2021 Mercedes-AMG E 53 Coupe – THE SPECS
Engine: 3.0-litre turbo (& e-turbo) inline-six
Output: 320kW@6100rpm / 520Nm@1800-5800rpm
Transmission: Nine-speed auto
Drive type: All-wheel drive, fully variable torque distribution
Wheels: F: 20×8.0, 245/35 R: 20×9.0, 275/30
ANCAP: Not tested (E-Class 5 stars)
Tare weight: 2003kg
Power-to-weight: 6.25:1 (kg:kW)
Official fuel economy: 9.3L/100km
Economy during test: 10.5L/100km
Fuel capacity/Type: 66L/98 RON
Power efficiency: 34.40kW:L/100km
0-60km/h: 2.11 seconds*
0-100km/h: 4.36 seconds*
0-200km/h: 16.88 seconds*
60-110km/h: 2.94 seconds*
1/4 mile: 12.77 seconds at 178.3km/h*
Max acceleration: 1.145g
100-0km/h braking: 2.84 seconds at 36.91 metres*
Max deceleration: -1.159g
Decibel at idle: 50/58*
Peak decibel at 60-100km/h: 85/93*
Priced from: $172,253
* Figures as tested by PerformanceDrive on the day. Factory claims may be different
2021 Mercedes-AMG E 53 Coupe – THE PACKAGE
It may surprise you just how much room is inside this, despite being a sporty coupe. The body style rarely offers useable rear seat accommodation, for example. Headroom is quite good though, and so long as the front passengers are not part of the national basketball squad you should be right for legroom, too.
Mercedes hasn’t skimped on amenities in the back, either. You’ve got your own climate vents, mimicking the same exquisite aviation-style vents in the front, and a centre console with cup holders. Following tradition, you can wind down the rear windows. It’s pillarless; the ultimate expression of motoring elegance. Having this ability helps to open up a general sense of airiness and space as well.

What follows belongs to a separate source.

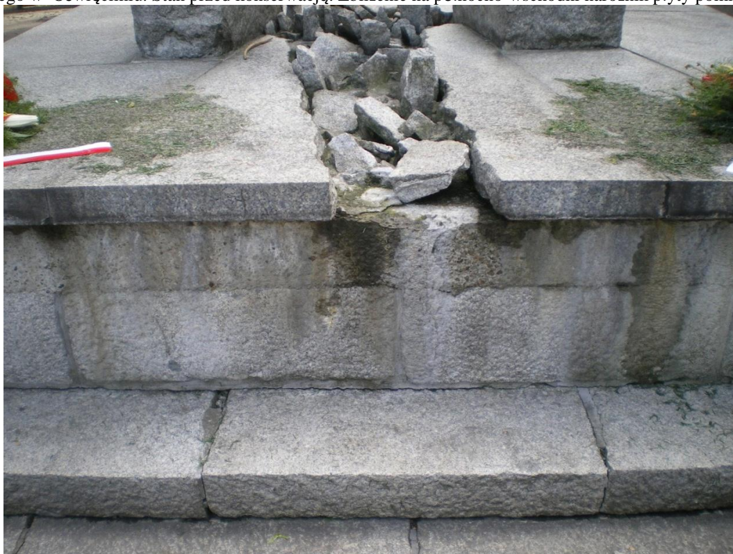
Fot. 13. Pomnik Odzyskania Niepodległości, plac między ulicami: Generała Jarosława Dąbrowskiego i Ludwika Solskiego w Oświęcimiu. Stan przed konserwacją. Zbliżenie płytę pomnika od strony północnej.

The overall decor is quite calm and there is very little clutter around the console and dash. But then up higher you’ll see why. Everything is packed into two massive screens. These present some of the finest graphics we’ve seen in a motor vehicle. The colour combinations and the attention to detail are incredible.

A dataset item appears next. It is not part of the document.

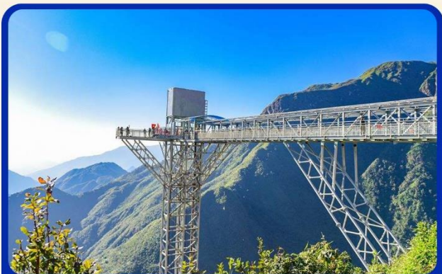
สะพานแก้วมิงกรมช (Rong May Glass Bridge)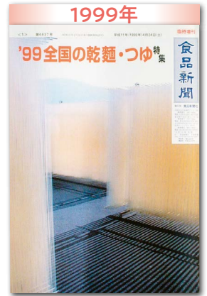
4年ぶり微増の大健闘 そば粉加工停滞市場に活

Navigating these does take some getting used to. As a driver you can use the little touch/wipe pads on the steering wheel, left and right. These also take some getting used to but there is no doubting the innovation involved. You can also change up the display theme and view various functions on the right screen via these pads.
We’re not a big fan of the main touch-pad controller on the console, which can also be used to navigate the screens. It can be fiddly to operate when driving, hence the touch pads on the steering wheel. It’s also easy to bump when reaching for the cup holders – we accidentally skipped tracks on a few occasions without intending to.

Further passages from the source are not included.